## WHAT NEEDS TO BE DONE
Transcribe each record exactly, but omit pictures.

## PROVIDED DATA

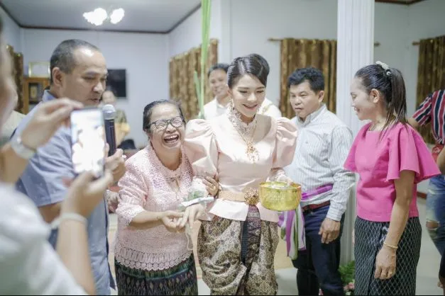 น้องเบลพูดถึงเจ้าบ่าวว่า ผู้ชายคนนี้ ถามพ่อกับแม่นู๋ว่า ผมจะแต่งงานกับเบลคับ ผมพร้อมสร้างครอบครัวแล้วครับ พ่อกับแม่อยากได้ค่าดองท่อใด๋คับ พ่อกับแม่หัวเราะ แล้วบอกพี่ก้องว่าก็แล้วแต่ลูกสิให้เลย ว่าแต่ฮักเบลคนเดียว ขั้นเซาฮักกะเอามาส่งคืน ขอแค่อย่าตีอย่าฆ่ากะพอเด้อลูก พ่อกับแม่จะบอกเสม คู่ชีวิตต้องให้อภัย และซื่อสัตย์ และเขา คือคนที่นู๋เลือก ปู่ ย่า เลือก นู๋ก็พร้อมที่จะเคียงข้างเขา ไม่ว่าเขาจะพาอะไร จะต้องเคียงข้างเขารักกันเมื่อยังหายใจดีกว่านะคะ
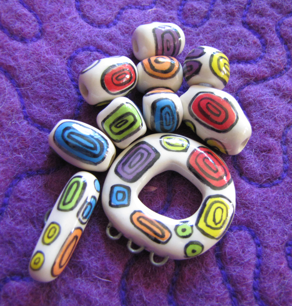 Tari Sasser of Creative Impressions In Clay is donating a toggle and bead set, made just for this month’s challenge. In her normal style, Tari painted the beads and toggle set with brightly colored underglazes.
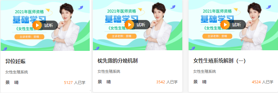 以上关于“女神景晴老师《女性生殖系统》2021年临床助理医师基础班新课开通!”的文章由医学教育网编辑整理搜集,希望可以帮助到大家,更多的文章随时关注医学教育网!
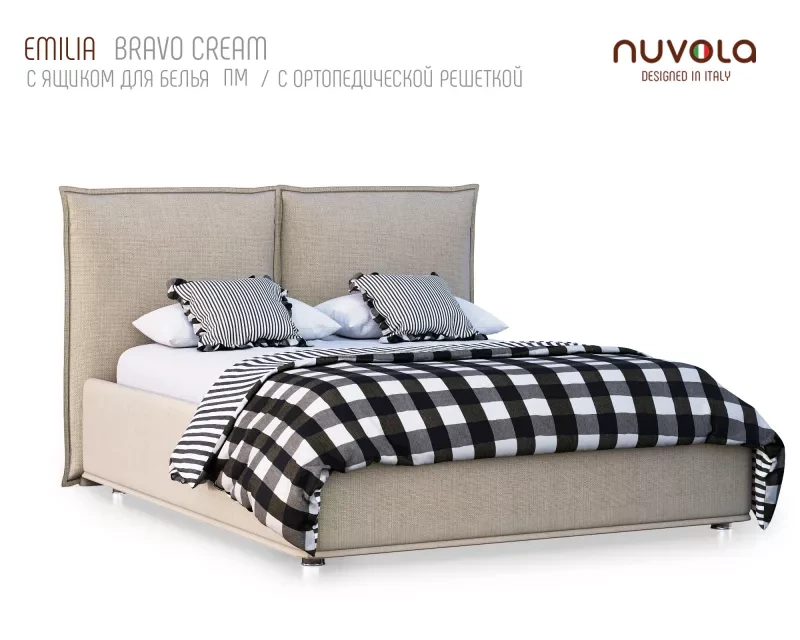 Особый комфорт и расслабление после трудового дня подарит Вам кровать Emilia от Nuvola! Ложитесь поудобней, вытягивайте ножки, прислонившись к мягкой спинке-подушке — невероятно уютно, правда? Лёгкий и лаконичный дизайн, стильный кант по периметру изголовья и нижней части чехла на царгах (боковинах) — красота, надёжность и удобство!
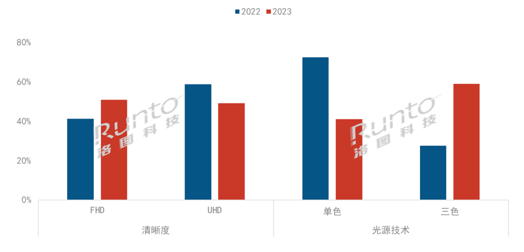 分辨率方面,F(xiàn)HD產(chǎn)品在家用激光投影市場的份額達(dá)到51%,同比增長10個百分點;UHD市場份額下降10個百分點,達(dá)到49%。
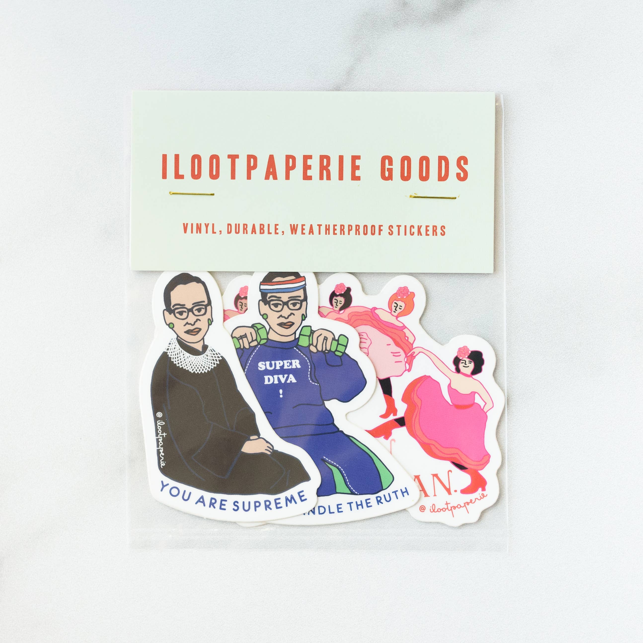 You are supreme - notorious RBG deems it so! Introducing our Lovely Lady Puns Greeting Card Collection! We've rounded up a group of kick-ass women in history for our tribute to the "lovely lady puns" These folded cards are 4.25" x 5.5" (A2), Indigo Press printed on premium cream linen textured 100lb cardstock. High quality, mint envelopes with Euro flap included. Material: 100lb linen cardstock Size: 4.25" x 5.5" (fits a A2 Envelope)
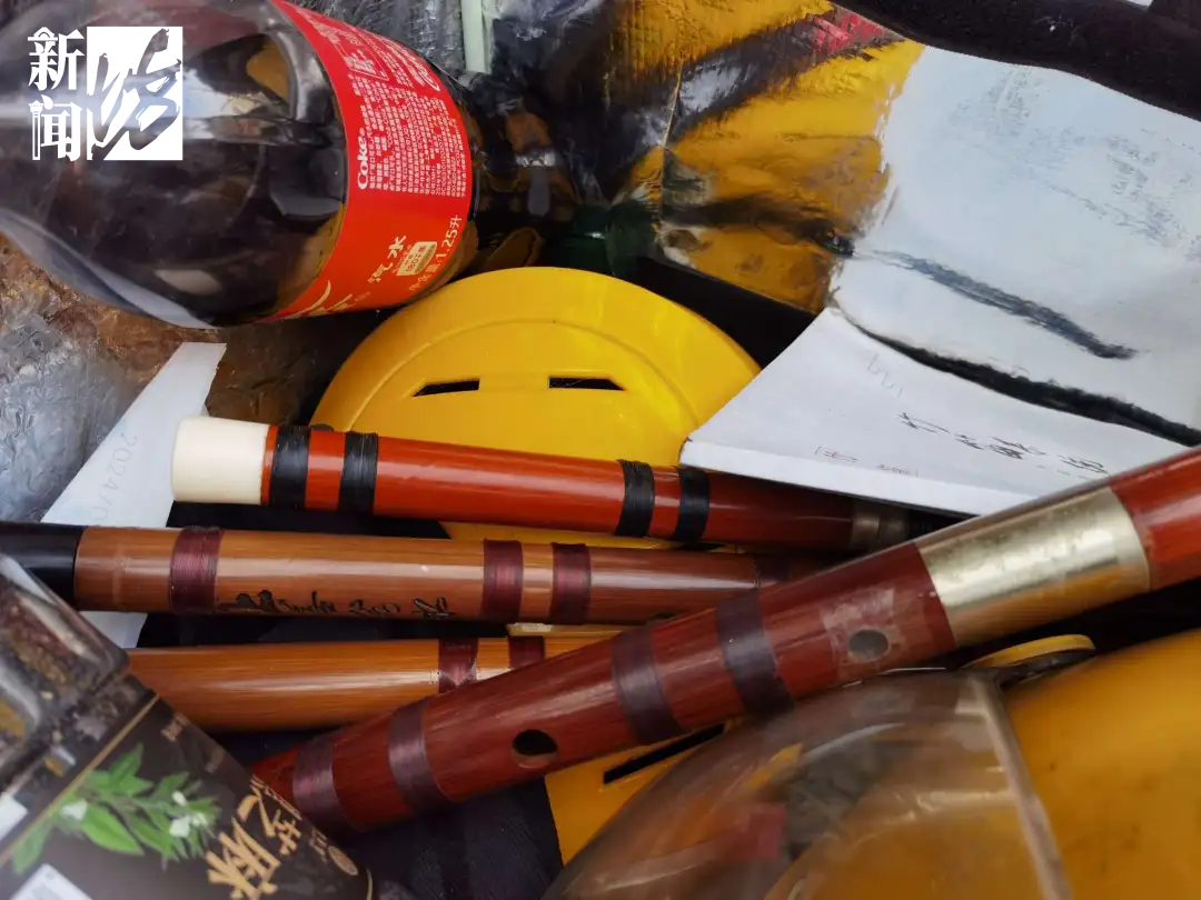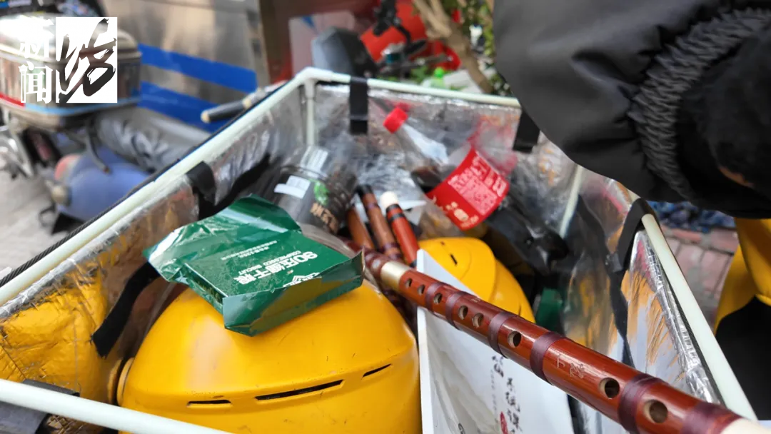 见到记者后,赵越一边吃着饼干,一边很快打开了身后的“物品箱”,只见里面装了四支竹笛、一包压缩饼干、一个安全头盔,还有可乐等物品。
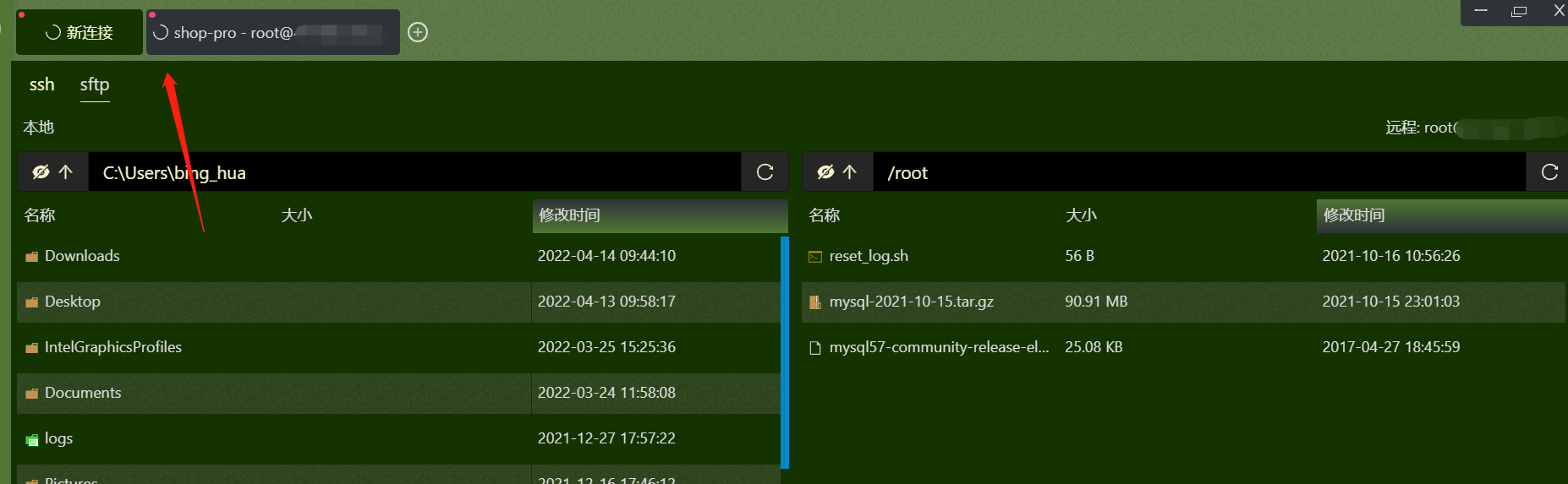 2、点击sftp之后整个连接直接断掉
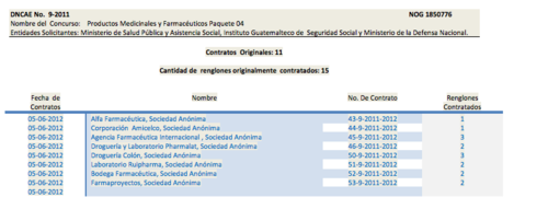 El documento más cercano a vencer es el de “Productos Medicinales y Farmacéuticos (2011) Paquete 4 DNCAE 09-2011”, cuya vigencia termina este jueves 14 de abril. En este se estipula que ocho proveedores abastecerán al Ministerio de Salud Pública y Asistencia Social (MSPAS), Instituto Guatemalteco de Seguridad Social (IGSS) y Ministerio de la Defensa Nacional (Mindef) con Vitaminas, Laxantes, Soluciones intravenosas y antisépticos, entre otros.
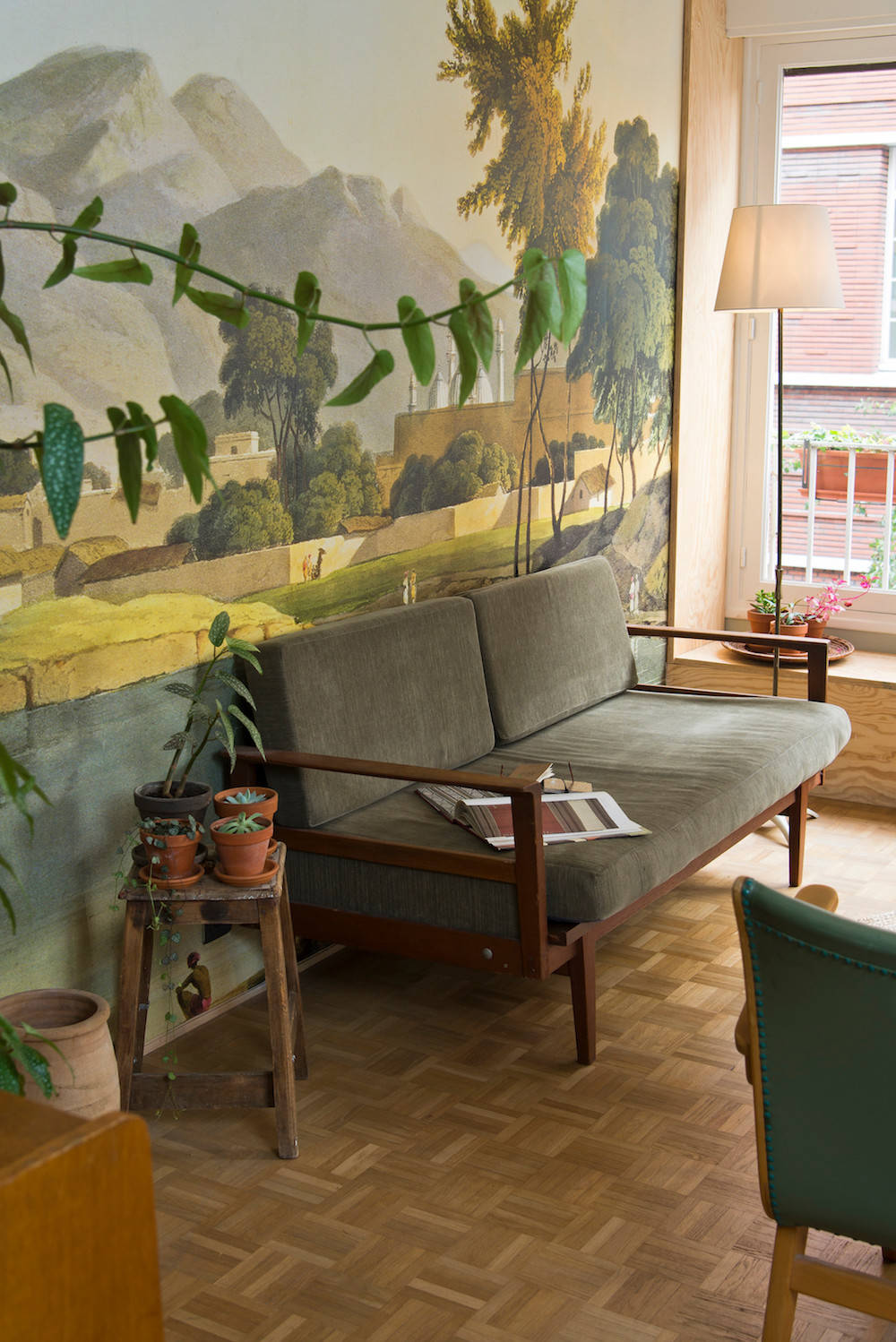 Pour compléter cette fresque murale réalisée avec des lés de papier peint, les murs se sont teintés d’un gris minéral. Au sol, le parquet mosaïque, typique des années 60, a été poncé puis traité au vernis mat pour faire ressortir son aspect blond.

## RESPONSE TO THE TASK
 น้องเบลพูดถึงเจ้าบ่าวว่า ผู้ชายคนนี้ ถามพ่อกับแม่นู๋ว่า ผมจะแต่งงานกับเบลคับ ผมพร้อมสร้างครอบครัวแล้วครับ พ่อกับแม่อยากได้ค่าดองท่อใด๋คับ พ่อกับแม่หัวเราะ แล้วบอกพี่ก้องว่าก็แล้วแต่ลูกสิให้เลย ว่าแต่ฮักเบลคนเดียว ขั้นเซาฮักกะเอามาส่งคืน ขอแค่อย่าตีอย่าฆ่ากะพอเด้อลูก พ่อกับแม่จะบอกเสม คู่ชีวิตต้องให้อภัย และซื่อสัตย์ และเขา คือคนที่นู๋เลือก ปู่ ย่า เลือก นู๋ก็พร้อมที่จะเคียงข้างเขา ไม่ว่าเขาจะพาอะไร จะต้องเคียงข้างเขารักกันเมื่อยังหายใจดีกว่านะคะ
 Tari Sasser of Creative Impressions In Clay is donating a toggle and bead set, made just for this month’s challenge. In her normal style, Tari painted the beads and toggle set with brightly colored underglazes.
 以上关于“女神景晴老师《女性生殖系统》2021年临床助理医师基础班新课开通!”的文章由医学教育网编辑整理搜集,希望可以帮助到大家,更多的文章随时关注医学教育网!
 Особый комфорт и расслабление после трудового дня подарит Вам кровать Emilia от Nuvola! Ложитесь поудобней, вытягивайте ножки, прислонившись к мягкой спинке-подушке — невероятно уютно, правда? Лёгкий и лаконичный дизайн, стильный кант по периметру изголовья и нижней части чехла на царгах (боковинах) — красота, надёжность и удобство!
 分辨率方面,F(xiàn)HD產(chǎn)品在家用激光投影市場的份額達(dá)到51%,同比增長10個百分點;UHD市場份額下降10個百分點,達(dá)到49%。
 You are supreme - notorious RBG deems it so! Introducing our Lovely Lady Puns Greeting Card Collection! We've rounded up a group of kick-ass women in history for our tribute to the "lovely lady puns" These folded cards are 4.25" x 5.5" (A2), Indigo Press printed on premium cream linen textured 100lb cardstock. High quality, mint envelopes with Euro flap included. Material: 100lb linen cardstock Size: 4.25" x 5.5" (fits a A2 Envelope)
 见到记者后,赵越一边吃着饼干,一边很快打开了身后的“物品箱”,只见里面装了四支竹笛、一包压缩饼干、一个安全头盔,还有可乐等物品。
 2、点击sftp之后整个连接直接断掉
 El documento más cercano a vencer es el de “Productos Medicinales y Farmacéuticos (2011) Paquete 4 DNCAE 09-2011”, cuya vigencia termina este jueves 14 de abril. En este se estipula que ocho proveedores abastecerán al Ministerio de Salud Pública y Asistencia Social (MSPAS), Instituto Guatemalteco de Seguridad Social (IGSS) y Ministerio de la Defensa Nacional (Mindef) con Vitaminas, Laxantes, Soluciones intravenosas y antisépticos, entre otros.
 Pour compléter cette fresque murale réalisée avec des lés de papier peint, les murs se sont teintés d’un gris minéral. Au sol, le parquet mosaïque, typique des années 60, a été poncé puis traité au vernis mat pour faire ressortir son aspect blond.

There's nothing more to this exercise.